L’École des femmes Acte III Scène 3
L’École des femmes écrite par Molière
Arnolphe
Arnolphe.
Je ne puis faire mieux que d’en faire ma femme.
Ainsi que je voudrai, je tournerai cette âme;
Comme un morceau de cire entre mes mains elle est,
Et je lui puis donner la forme qui me plaît.
Il s’en est peu fallu que, durant mon absence,
On ne m’ait attrapé par son trop d’innocence;
Mais il vaut beaucoup mieux, à dire vérité,
Que la femme qu’on a pèche de ce côté.
De ces sortes d’erreurs le remède est facile:
Toute personne simple aux leçons est docile;
Et si du bon chemin on l’a fait écarter,
Deux mots incontinent l’y peuvent rejeter.
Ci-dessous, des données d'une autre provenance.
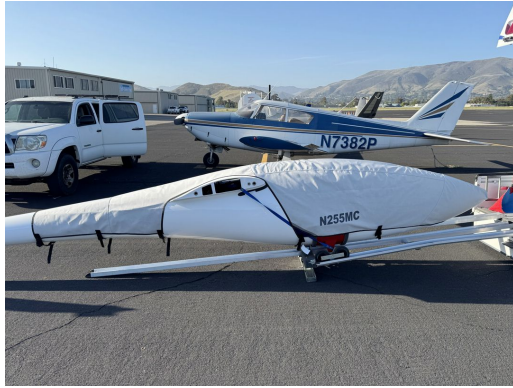
Jonker Sailplanes Canopy/Nose Cover, Extended To Cover Turtledeck

Mais une femme habile est bien une autre bête:
Notre sort ne dépend que de sa seule tête;
De ce qu’elle s’y met rien ne la fait gauchir,
Et nos enseignements ne font là que blanchir:
Son bel esprit lui sert à railler nos maximes,
À se faire souvent des vertus de ses crimes,
Et trouver, pour venir à ses coupables fins,
Des détours à duper l’adresse des plus fins.
Pour se parer du coup en vain on se fatigue:
Une femme d’esprit est un diable en intrigue;
Et dès que son caprice a prononcé tout bas
L’arrêt de notre honneur, il faut passer le pas:
Beaucoup d’honnêtes gens en pourraient bien que dire.
Enfin, mon étourdi n’aura pas lieu d’en rire.
Par son trop de caquet il a ce qu’il lui faut.
Voilà de nos François l’ordinaire défaut:
Dans la possession d’une bonne fortune,
Le secret est toujours ce qui les importune;
Et la vanité sotte a pour eux tant d’appas,
Qu’ils se pendraient plutôt que de ne causer pas.
Oh ! que les femmes sont du diable bien tentées,
Lorsqu’elles vont choisir ces têtes éventées,
Et que… ! Mais le voici… Cachons-nous toujours bien
Et découvrons un peu quel chagrin est le sien.